THE STAFFING DOCTOR ANSWERS …
Justified versus unjustified time off is a sandin- the-gears conflict causing strife within many companies. Regulations exist at both the federal and state levels to govern time-off standards, but they do not cover all situations, because the truth of that lies in the perspective of the beholder. On top of that for some operators is the newly daunting task of providing employees with paid sick days.
Attendance used to be mandatory. Remember the days when you had tickets to a once-in-a-lifetime concert, and your supervisor at work uttered those famous words, “A time off request is just that—a request, not an automatic fulfillment program?” You would sulk off trying to find someone to cover your shift—or sell the tickets.
Those days are gone. If you tell someone they “might” not get a day off that they requested, they might quit on the spot. You used to cajole people to come into work on their day off to help cover a “broken shift,” and now you practically beg some of your best and brightest to stay home if there is even a slight chance they are awaiting proof of an airborne contagion.
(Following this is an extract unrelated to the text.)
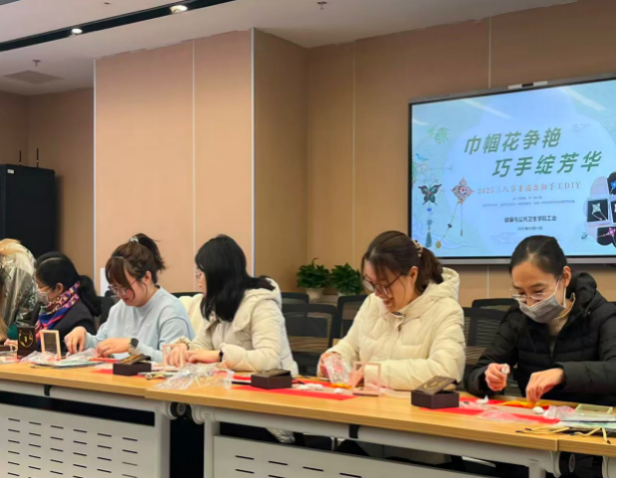 2025年3月14日,健康与公共卫生学院工会开展了非遗盘扣手工制作活动,共20位女教职工参加,占学院女性总数的77%。作为深入贯彻落实习近平总书记关于妇女工作的重要论述,弘扬中华优秀传统文化的一次成功的实践活动,受到了学院广大女性教职工的欢迎和好评。

Employees are now arriving with a lack of communal work ethic, language barriers, cultural hurdles, and with a noticeably absent knowledge of shared values.
When viewed as originally intended, time off is part of the employee benefits package: a perq. But when is time off too much? The easy answer is when it has a negative effect on the employee’s performance or is dragging the business down. If someone is taking their accrued time, vacation, flex, charity, or bonus time, you can’t really argue, can you?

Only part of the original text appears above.